■ **Problem description**
Return the material below exactly, but only from the line with "いつもの納豆を簡単にアレンジ" through the line with "2003 Vermeer LM42", and without its pictures.

■ **Material for this exercise**
=-=-=-=-=
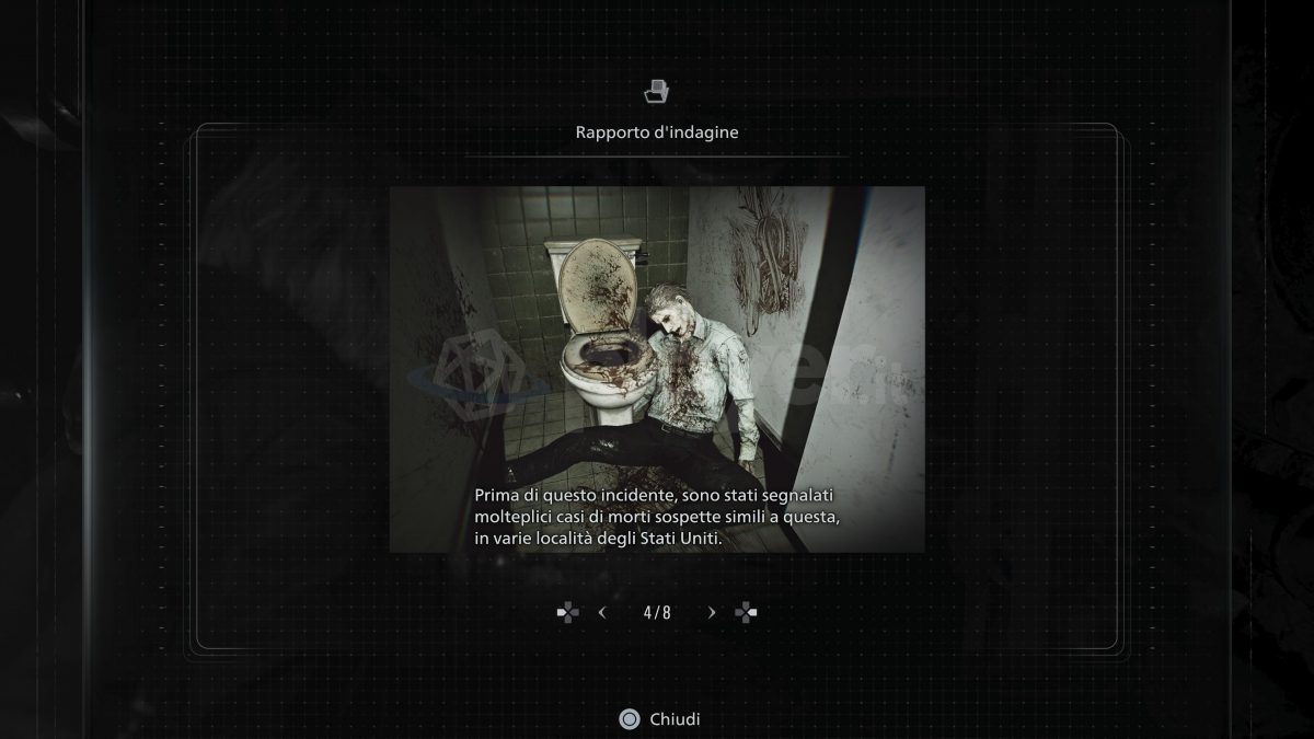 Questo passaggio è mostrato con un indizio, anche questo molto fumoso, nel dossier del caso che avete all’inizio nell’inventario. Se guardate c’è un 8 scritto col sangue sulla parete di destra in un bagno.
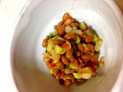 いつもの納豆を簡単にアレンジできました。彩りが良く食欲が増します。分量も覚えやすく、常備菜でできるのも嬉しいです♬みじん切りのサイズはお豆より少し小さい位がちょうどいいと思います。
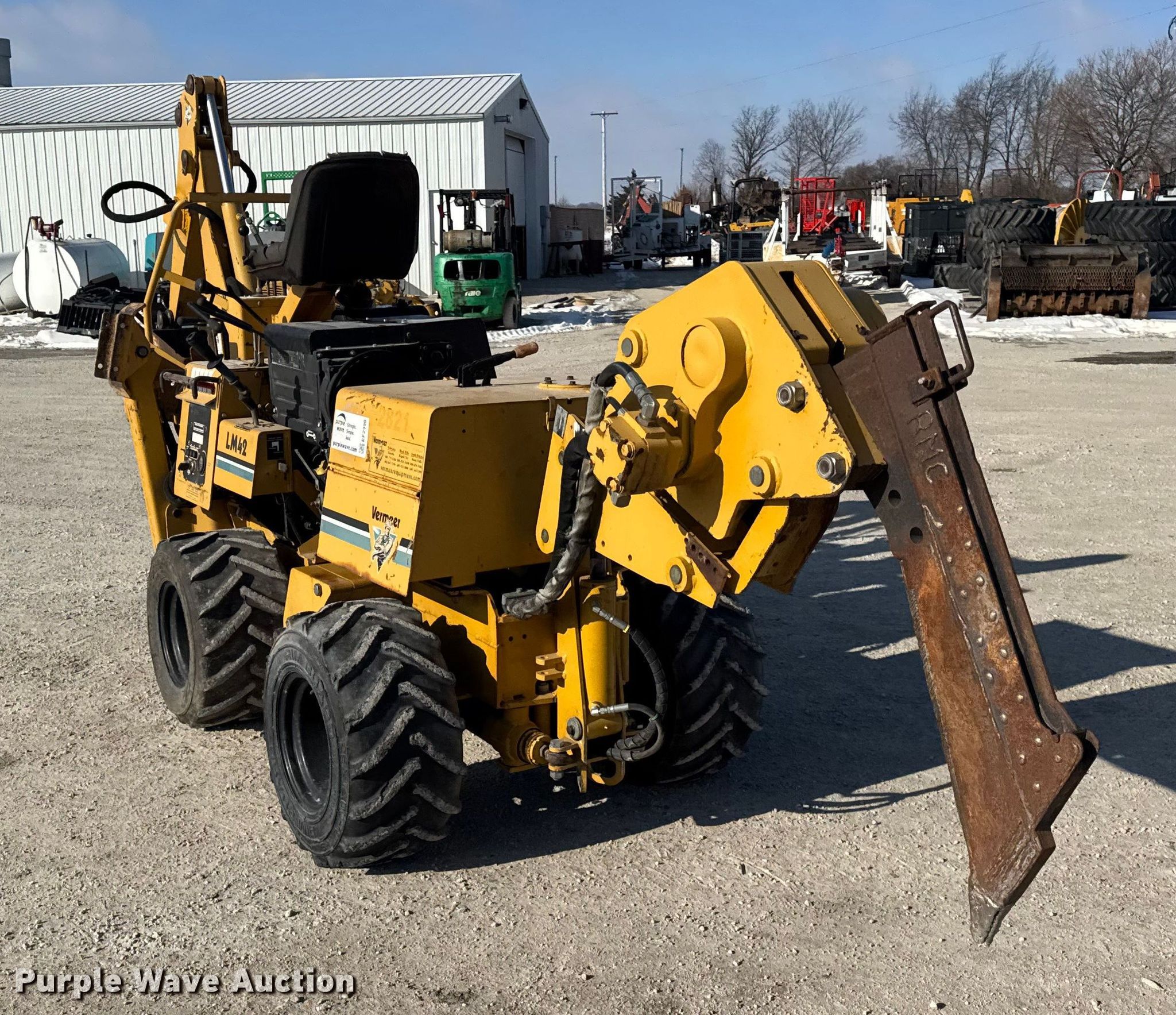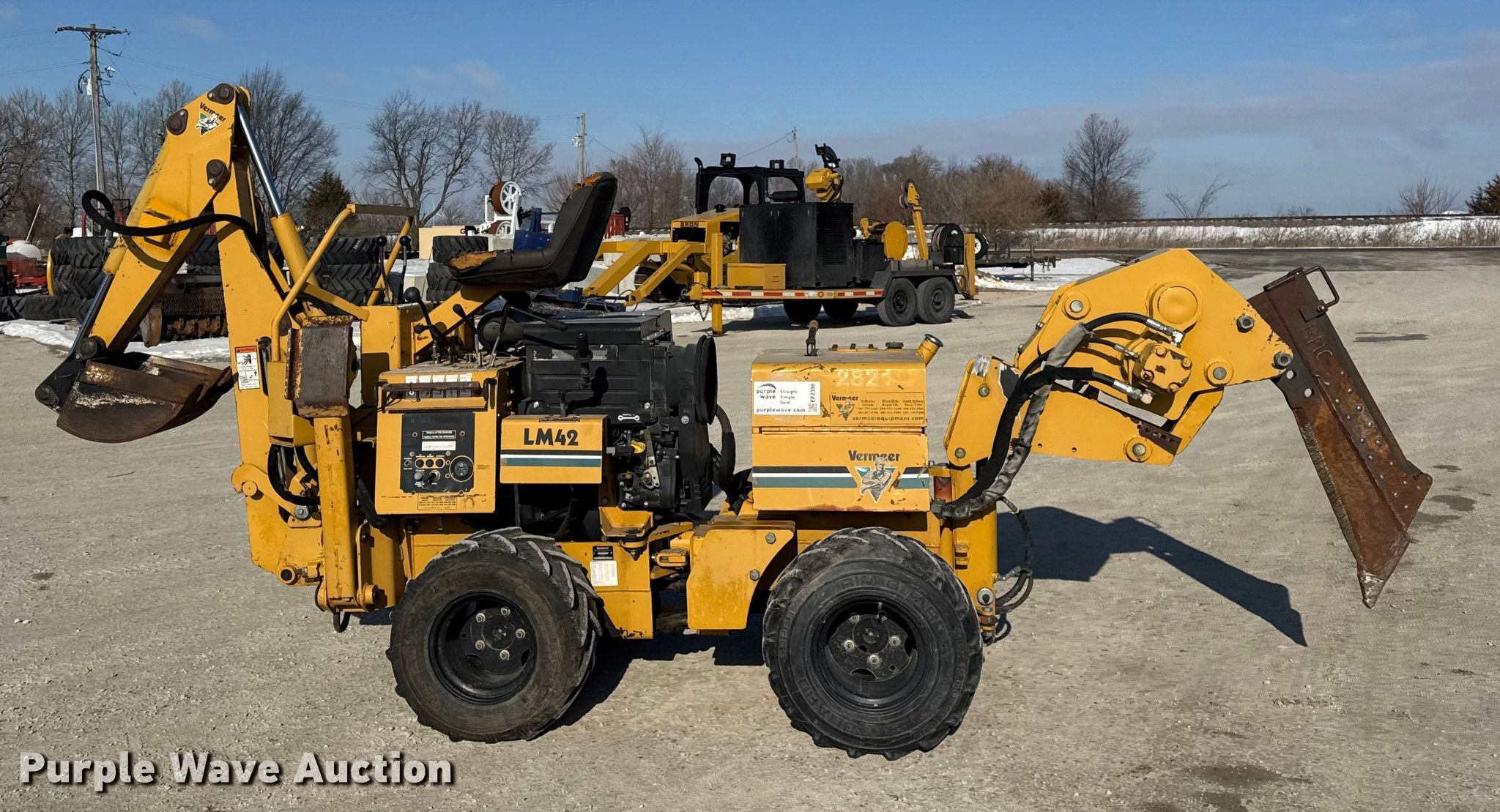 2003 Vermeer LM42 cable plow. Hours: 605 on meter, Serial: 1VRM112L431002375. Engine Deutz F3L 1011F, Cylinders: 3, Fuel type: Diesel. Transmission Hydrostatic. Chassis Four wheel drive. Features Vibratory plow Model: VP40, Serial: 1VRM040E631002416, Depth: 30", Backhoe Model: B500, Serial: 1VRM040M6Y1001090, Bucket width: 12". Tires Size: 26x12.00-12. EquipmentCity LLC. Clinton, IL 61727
=-=-=-=-=
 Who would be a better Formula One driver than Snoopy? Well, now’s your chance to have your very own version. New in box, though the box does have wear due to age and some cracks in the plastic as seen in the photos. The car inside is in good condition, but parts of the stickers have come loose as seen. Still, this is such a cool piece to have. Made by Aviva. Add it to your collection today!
=-=-=-=-=
■ **Result**
 いつもの納豆を簡単にアレンジできました。彩りが良く食欲が増します。分量も覚えやすく、常備菜でできるのも嬉しいです♬みじん切りのサイズはお豆より少し小さい位がちょうどいいと思います。
 2003 Vermeer LM42 cable plow. Hours: 605 on meter, Serial: 1VRM112L431002375. Engine Deutz F3L 1011F, Cylinders: 3, Fuel type: Diesel. Transmission Hydrostatic. Chassis Four wheel drive. Features Vibratory plow Model: VP40, Serial: 1VRM040E631002416, Depth: 30", Backhoe Model: B500, Serial: 1VRM040M6Y1001090, Bucket width: 12". Tires Size: 26x12.00-12. EquipmentCity LLC. Clinton, IL 61727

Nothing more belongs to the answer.